Title :
Scheduling latency-critical traffic: a measurement study of DRR+ and DRR++
Author :
Zhang, C. ; MacGregor, M.H.
Author_Institution :
Dept. of Comput. Sci., Alberta Univ., Edmonton, Alta., Canada
Abstract :
Efficient fair queuing using deficit round-robin, DRR, proposed by Shreedhar and Varghese (1996) is a low-complexity packet scheduler that has several commercial implementations. DRR has also been extended as DRR+ to accommodate latency-critical flows. DRR+, however, assumes that a latency-critical flow exhibits very smooth arrivals whereas most network flows are very bursty in nature, either as the result of source bursts, or as a result of the dynamics of multihop network paths. When DRR+ encounters a burst, it reverts back to the behavior of DRR, providing no preference or latency bound for latency critical traffic. This is a fatal flaw that prevents DRR+ from being useful in scheduling bursty latency-critical flows.

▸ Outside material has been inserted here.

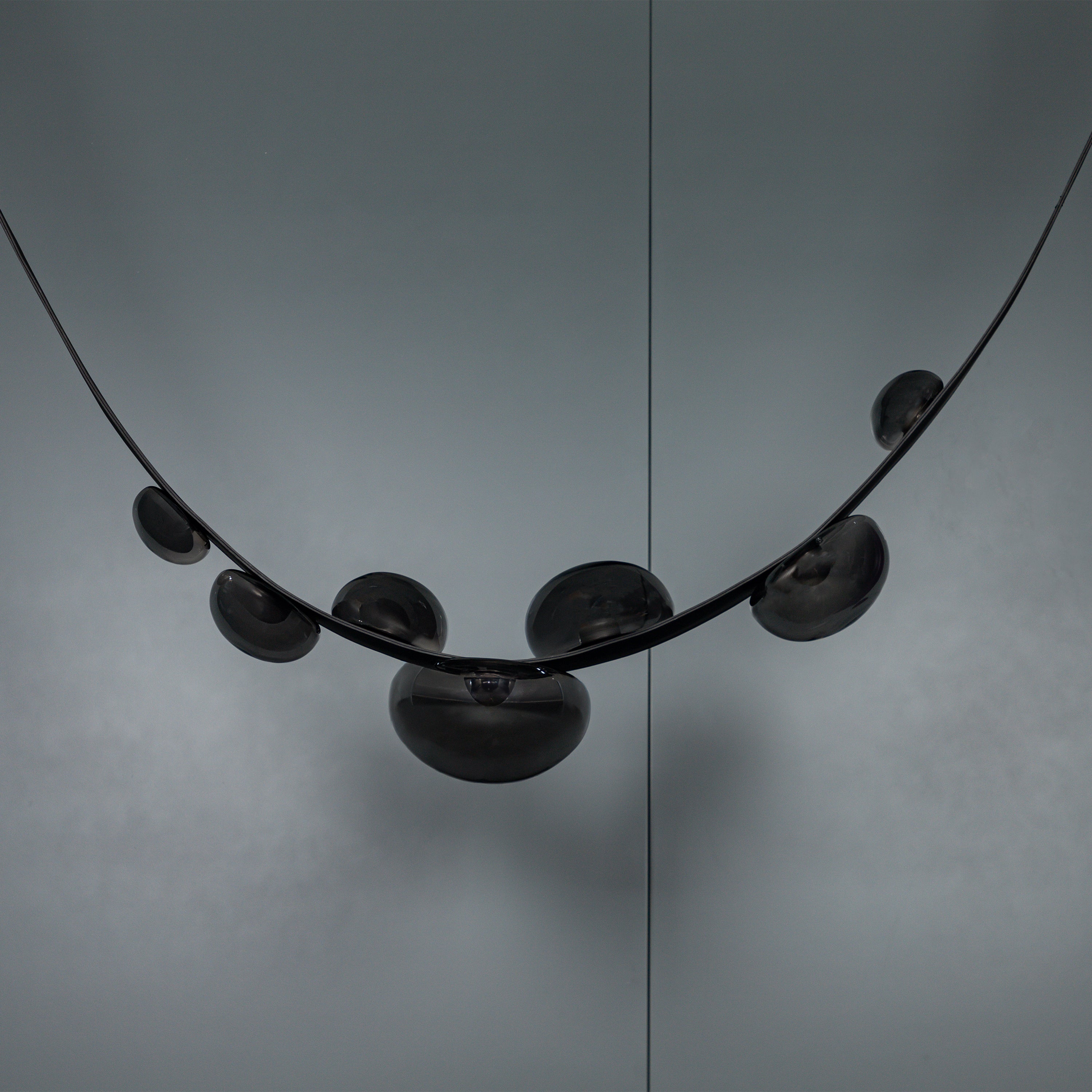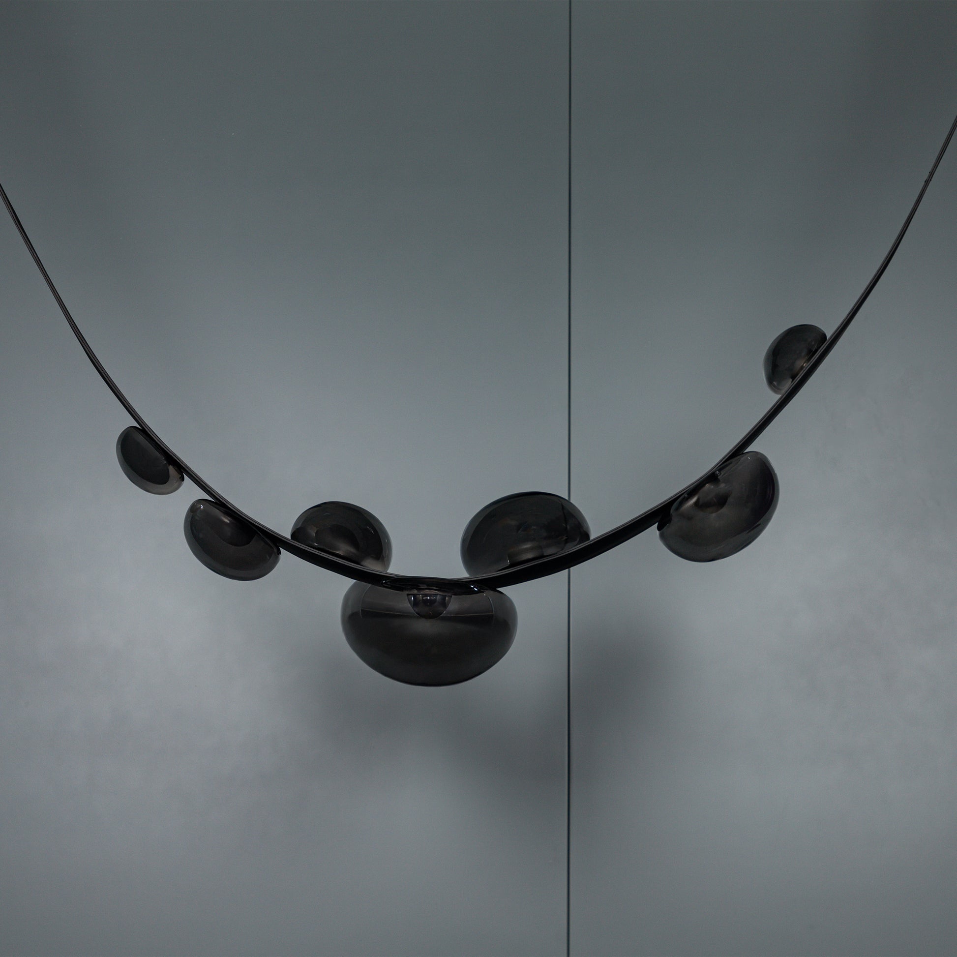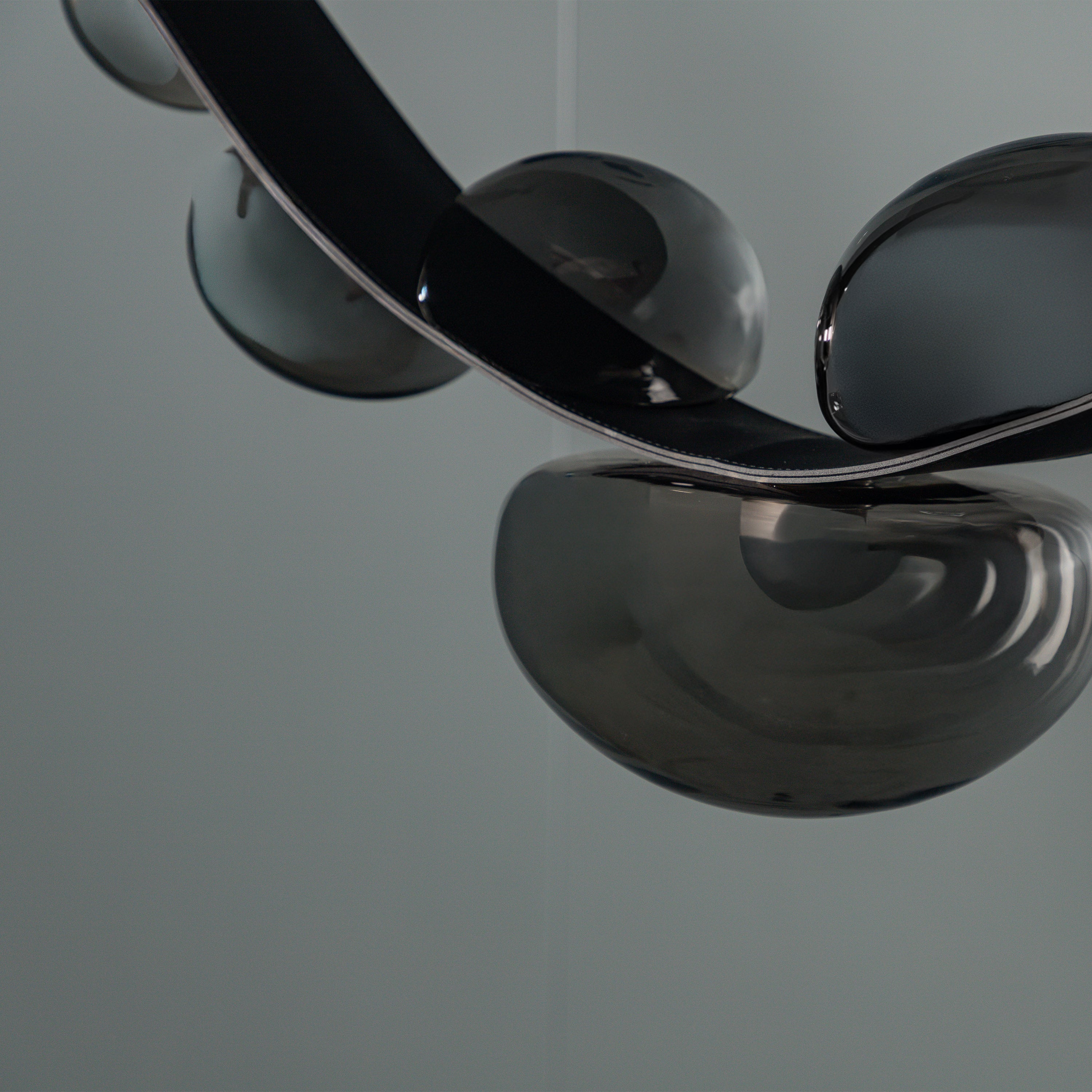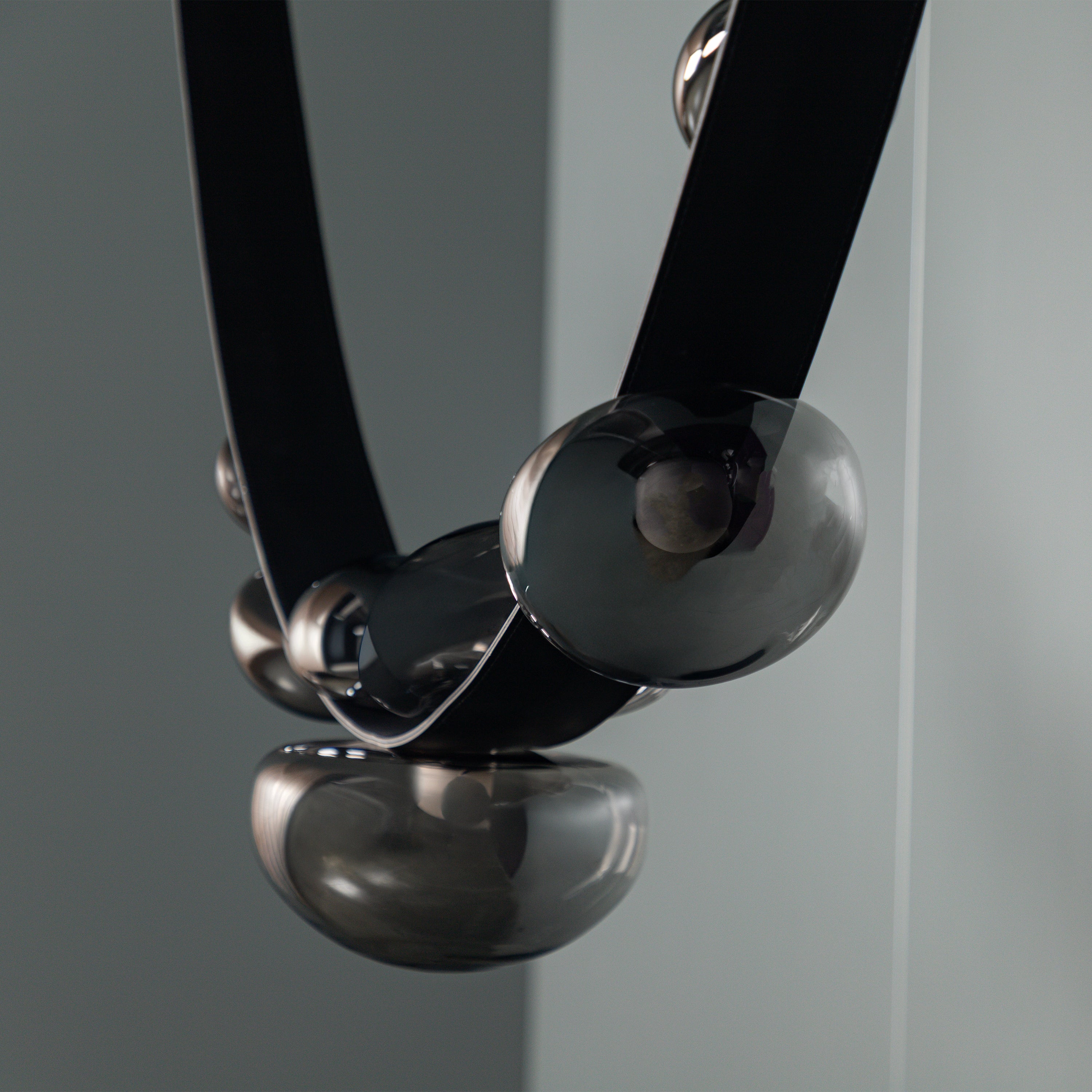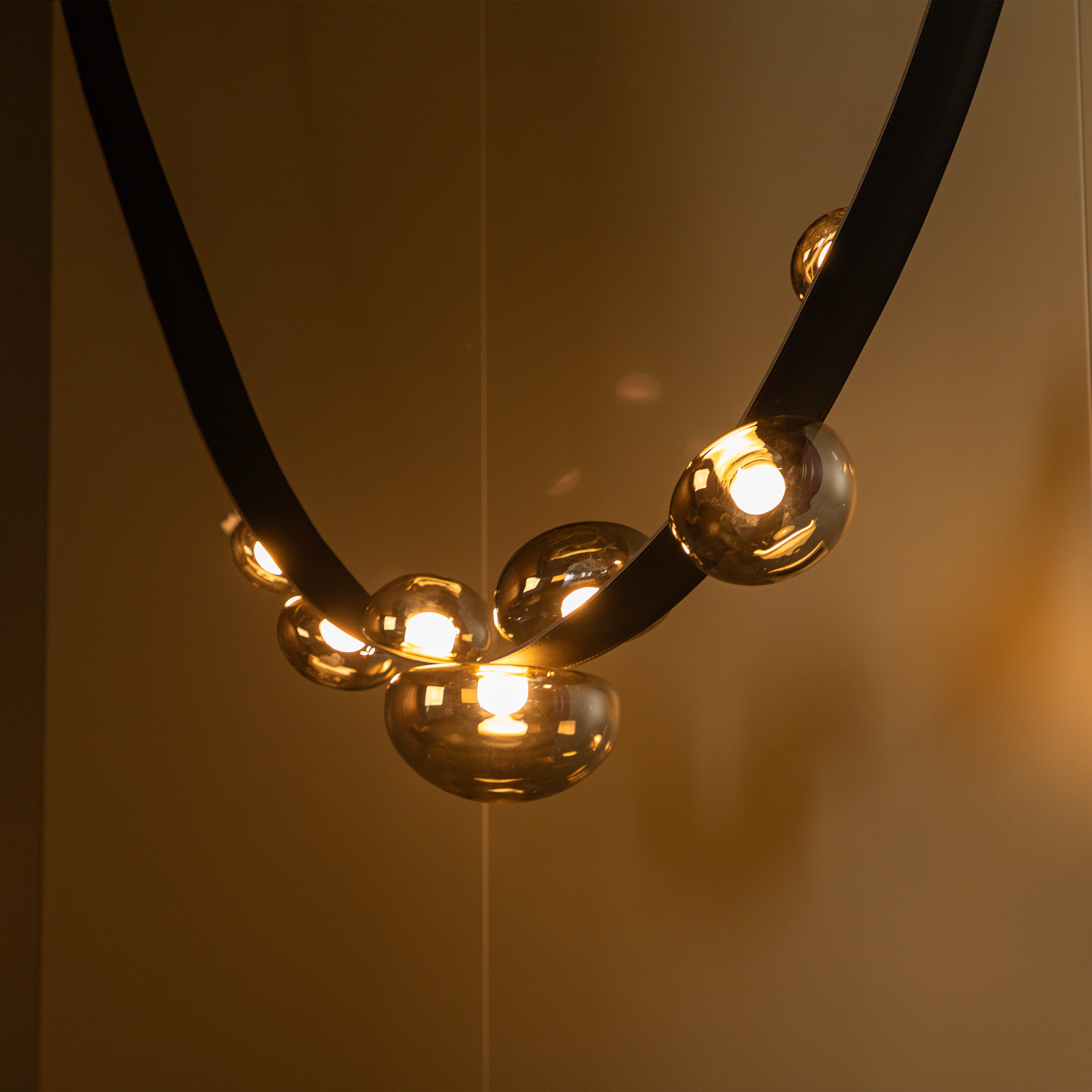Labranda Avize, füme cam kürelerin siyah deri kemerlerle birleştiği güçlü bir tasarım anlayışını yansıtır. Yedi başlı formu sayesinde mekâna hacim kazandırırken, füme camın loş ve sofistike yansımalarıyla dikkat çeker. Deri detaylar, klasik dokulara çağdaş bir yorum katarak avizeye özgün bir karakter kazandırır.

We present a different extension to DRR that has much lower delay and delay jitter than DRR+ and is capable of handling bursty latency-critical flows.
Keywords :
delays; jitter; packet switching; queueing theory; telecommunication traffic; DRR; bursty latency-critical flows; bursty network flows; deficit round-robin; delay; delay jitter; efficient fair queuing; latency bound; latency critical traffic; latency-critical traffic scheduling; low-complexity packet scheduler; measurement; multihop network paths; source bursts; Bandwidth; Delay; Jitter; Processor scheduling; Regulators; Round robin; Scheduling algorithm; Spread spectrum communication; Telecommunication traffic; Traffic control;
Conference_Titel :
High Performance Switching and Routing, 2002. Merging Optical and IP Technologies. Workshop on
Print_ISBN :
4-88552-184-X
DOI :
10.1109/HPSR.2002.1024247